Ecco un esempio di risposta ricevuta da un richiedente dell'ex Jugoslavia: "L'istanza non può essere considerata sufficientemente assicurata tenuto conto della situazione socioeconomica che prevale [nel Paese del richiedente che ha chiesto il visto d'entrata per la Svizzera, ndr]. In effetti, viste le disparità economiche tra [il suo Paese, ndr] e la Svizzera, non si può escludere che, una volta giunta nel nostro Paese, [il richiedente, ndr] non tenti di rimanervi durevolmente, con la speranza di trovarvi una sistemazione migliore di quella che conosce nel suo Paese d'origine. Il fatto che [il richiedente, ndr] sia già venuto in Svizzera in passato non è decisivo in quanto ora ha portato a termine gli studi e si trova disoccupato in Patria. Siffatte considerazioni potrebbero costituire un ulteriore motivo di voler prolungare il soggiorno in Svizzera". E come se non bastasse, oltre a non ricevere il visto di entrata per motivi discutibili, la persona non ha nessun diritto di riscuotere i 55 franchi pagati alle rappresentanze elvetiche nell'intento di ottenere in cambio il visto di entrata in Svizzera. Beffati due volte, insomma. Ma c'è di più. Marina Carobbio, nella sua interpellanza, segnalava che le "istruzioni" utilizzate dall'Ufficio federale delle migrazioni sono protette da una parola chiave dunque accessibili soltanto agli addetti ai lavori ma non a chi è interessato a richiedere un visto d'ingresso turistico. Ebbene, qualche giorno dopo l'inoltro dell'interpellanza, come per magia, l'accesso protetto è stato eliminato permettendo a chiunque di leggere le regole del gioco (anche se resta il dubbio che ve ne siano altre ancor più segrete) dell'Ufm. Sarà un caso? Per saperne di più su queste procedure fino a poco fa segrete e sulla loro alquanto sospetta apparizione pubblica abbiamo interpellato dell'Ufficio federale della migrazione. A fatica, dopo tre giorni e purtroppo solo via email, ci ha risposto la signora Brigitte Hauser-Süess responsabile della comunicazione dell'Ufm.

Per regolamentare la richiesta di un visto turistico per un cittadino proveniente da un paese non membro dell'Unione europea oltre alla legge l'Ufficio federale della migrazione ha introdotto delle «direttive supplementari». Perché fino a qualche giorno fa erano protette da una parola chiave?
È vero che nell'ambito dei visti vi sono delle direttive sotto forma elettronica su internet. Queste direttive sono suddivise in tre parti (a, b e c). Quelle "liberamente consultabili" contenute nella prima parte, rivolta ai rappresentanti svizzeri all'estero e ai posti di frontiera, indicano gli aspetti generali e le regole fondamentali per la procedura in materia di visto.
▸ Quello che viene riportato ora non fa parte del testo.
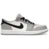 The Jordan 1 Retro Low OG Barons is a commemorative sneaker that celebrates the 30th anniversary of Michael Jordan s time with the Birmingham Barons, a Double-A affiliate team of the Chicago White Sox.The low-top Barons Jordan 1 Retro Low OG boasts a leather upper in white, black, and Wolf Gray, a colorway that pays tribute to the baseball team s colors. While the base comes in white, Wolf Gray overlays provide subtle color blocking. Small perforations on the vamp and the mesh material of the tongue allow the foot to breathe, even though the upper is constructed entirely from smooth leather. The flat tongue displays a woven tag with NIKE AIR lettering in Wolf Gray, while the Air Jordan Wings can be found on the heel tab.Our experts at Newsole like the way the black accents on the laces, the Swoosh logos, and the leather heel tab contrast the Wolf Gray and white across the upper. The Jordan 1 Retro Low OG Barons was released on July 20, 2024, and sold for $140.
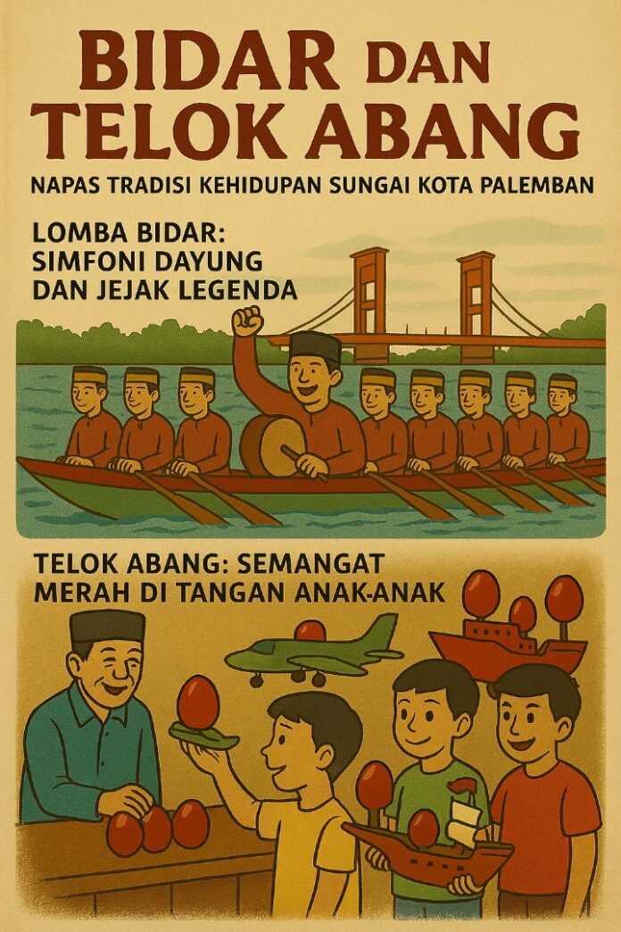 PALEMBANG, LogikaIndonesia.Com – Kota yang lahir dari aliran Sungai Musi, tradisi bukan sekadar peninggalan nenek moyang. Ia adalah denyut hidup yang terus memompa identitas warga mengikat masa lalu, kini, dan masa depan dalam satu helai napas budaya. Di tengah semarak bulan kemerdekaan, dua tradisi menonjol sebagai wujud cinta Palembang pada akar sejarahnya, Lomba Bidar dan Telok Abang.
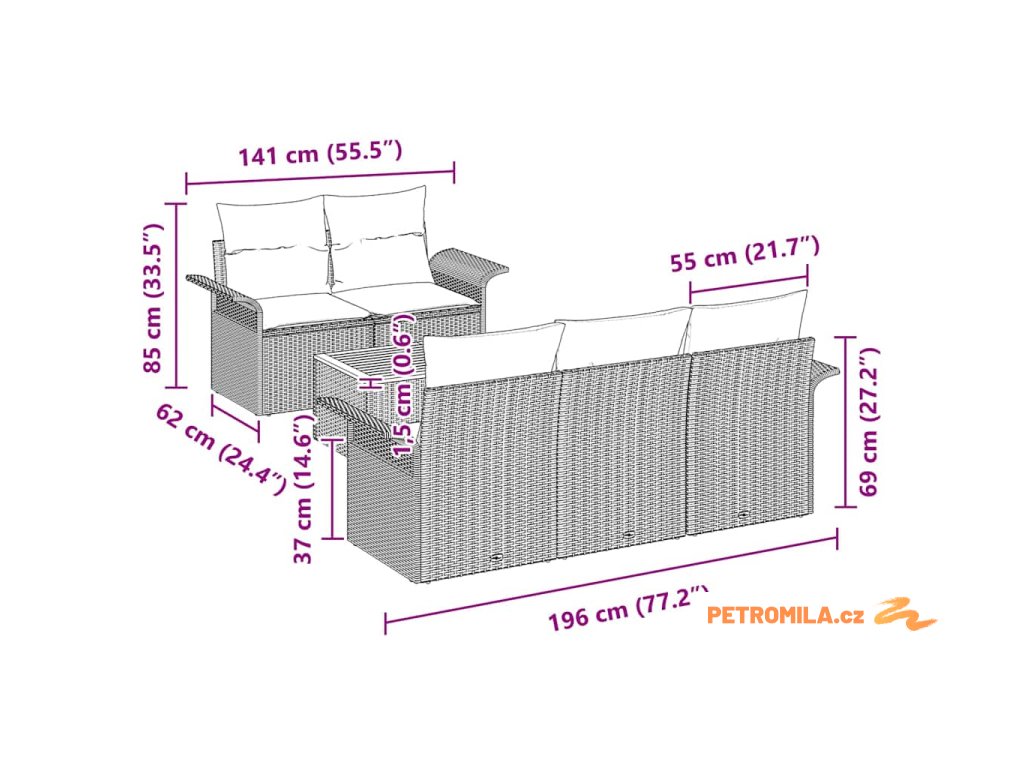 • Posezení: 110 x 55 cm (Š x H)

Le parti b e c – protette da una parola chiave da quando esiste una versione elettronica! – contengono le istruzioni "tecniche", le basi pratiche di lavoro per i rappresentanti svizzeri all'estero (b) e per i responsabili dei posti di frontiera (c). Queste direttive interne non eccedono i limiti posti dalle basi legali che regolano la materia, cioè l'Ordinanza del 14 gennaio 1998 concernente l'entrata e la notificazione degli stranieri, Oens, e la parte A delle direttive.
Una decina di giorni fa la deputata Marina Carobbio ha presentato un'interrogazione per meglio capire queste procedure "segrete". Dopo qualche giorno, le istruzioni segrete fanno la loro comparsa pubblica su internet. Un caso?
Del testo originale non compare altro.